Isaac Florence | Scaling and automating R workflows with Kubernetes and Airflow

Transcript#

This transcript was generated automatically and may contain errors.

Good afternoon, everyone, and thank you very much for having me. I'm sorry not to be with you in Washington, D.C., but joining you virtually. And so I'll kick on talking about scaling and automating R workflows with Kubernetes and Airflow.

I spent a lot of my childhood and teenage years working on farms, and any of you who will have done the same will recognize baler twine. Now, the joke goes that you can solve 90% of your problems on a farm with baler twine, and this is essentially nylon string that is an offcut from or kind of a byproduct of tying up bales of hay. But it ends up being a useful tool in tying together, say, a farm gate or a trailer to an ATV or even a lead for your dog. It's something that's lying around that's tough and sturdy and largely gets the job done. And the equivalent, I guess, would be duct tape. And as you can see, and as many of you will have experienced, duct tape isn't really the appropriate tool to get the job done here or in many cases, but it sort of works and it's sort of okay up to a certain point. But then the farm analogy really is that you can get so far with baler twine, but at some point you're going to need real infrastructure. You're going to need bricks and cement.

Background and context

So who am I? I'm an infectious disease epidemiologist working at the UK Health Security Agency or what used to be called Public Health England. And like many of you, I imagine at the RStudio conference today, you'll have been an analyst of some sort in a particular specialist area. And as you've fallen presumably further in love with R, you've ended up becoming more of a proper data scientist as it would have been back then. And then you, and I think this will be a familiar story to either the people have gone through or the people will hope to be going through or will inevitably find themselves going through is finding themselves not having quite the right tools either for their specific area or more largely stand up becoming more of a software engineer as they're trying to create the tools for themselves and their colleagues to work.

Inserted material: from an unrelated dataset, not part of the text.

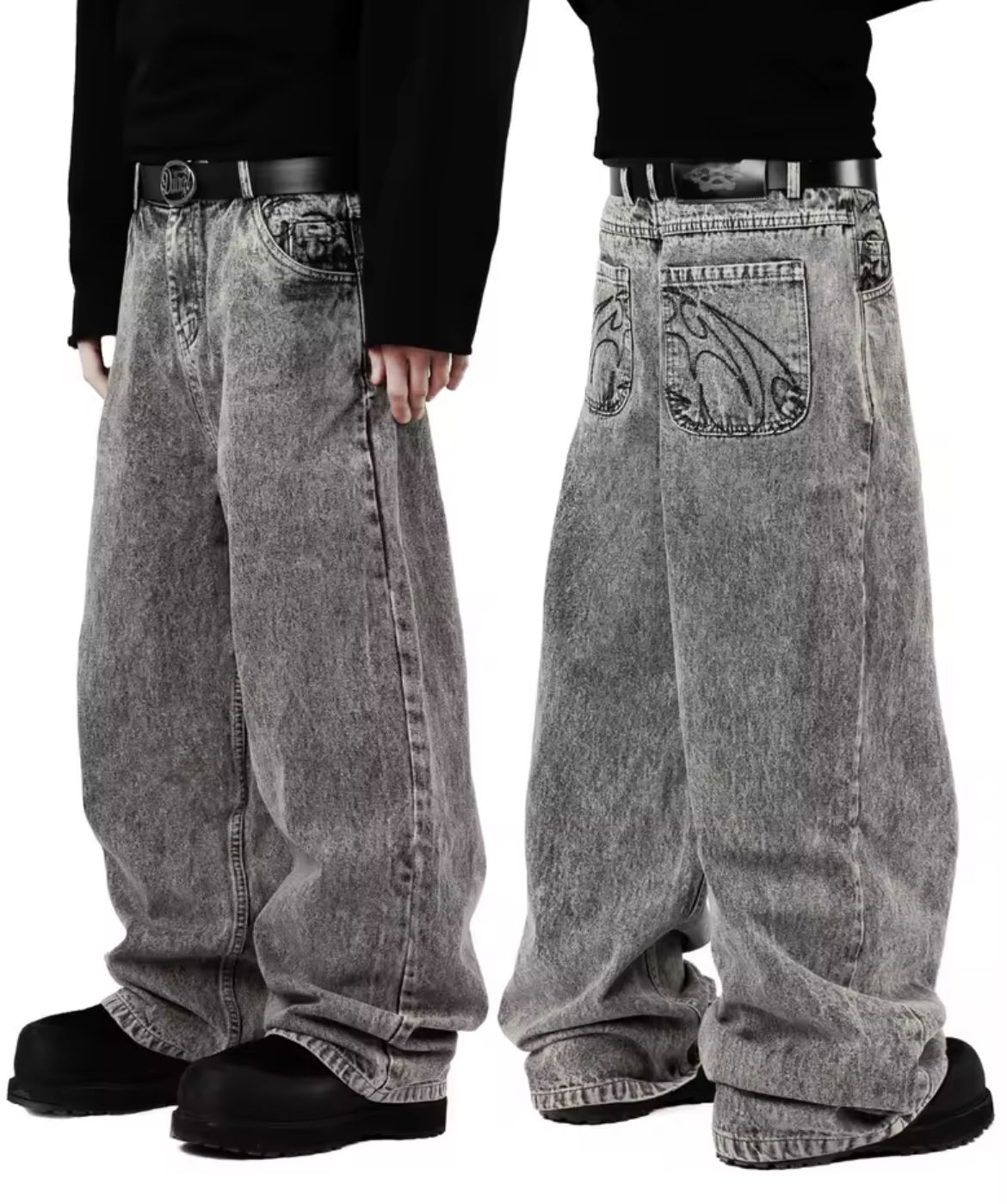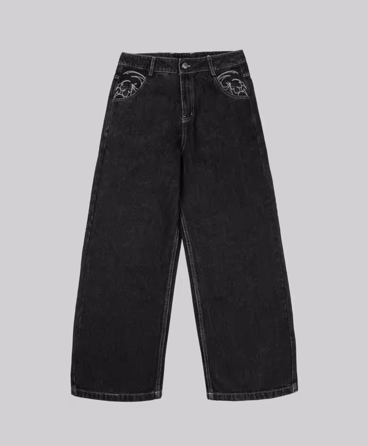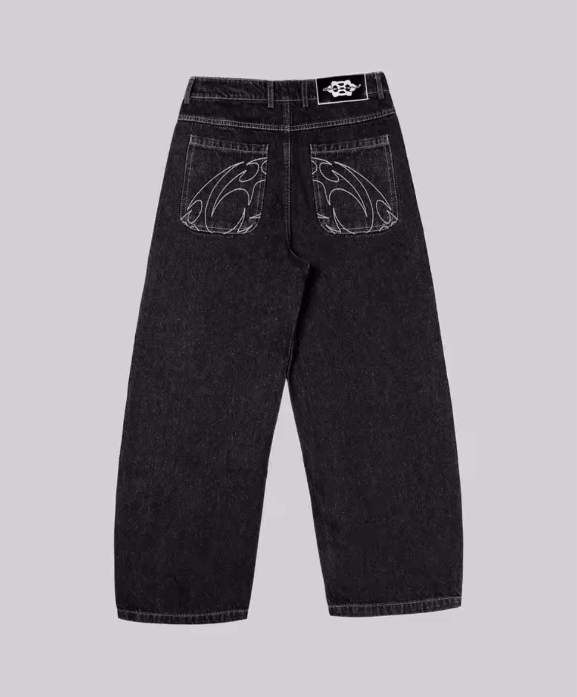 Expertly crafted BatClub Jeans feature American retro styling with solid black coloration and distinctive embroidery details. These unisex straight-leg pants offer a loose, comfortable fit with gothic Y2K aesthetic appeal. The standard sizing and quality thread weaving technique ensure durability while maintaining the authentic vintage character that defines this versatile wardrobe essential.

And then once you've got those tools, and as we heard in the last talk, you often, it's not the tool so much that you're lacking, but the data. And so you end up finding yourself spending all your life moving data around, cleaning it, linking it, preparing it, and then you may as well be a data engineer. And then the final stage of transformation as you get further and further away from analysis is when people start to presume you're a member of your ICT department, and you fancily decide to refer to yourself as a DevOps engineer. Now, this all boils down to in my case, having a profound love for both epidemiology and for code. But it's taken a lot for me to find this area where I am in now, which is enablement of my colleagues and I to analyze epidemiology and infectious disease data at scale.

So what am I going to be talking about exactly that? So how we replaced our baler twine like solutions are, they sort of work, but we need them to be a bit better solutions with true infrastructure. And clicking on, I'm going to be talking about those main tools that we've ended up using. So why Kubernetes and what even is Kubernetes at this point? And then what do we mean by automation? And why is it valuable? And then Airflow and why it is actually and why it's solved so many of our problems.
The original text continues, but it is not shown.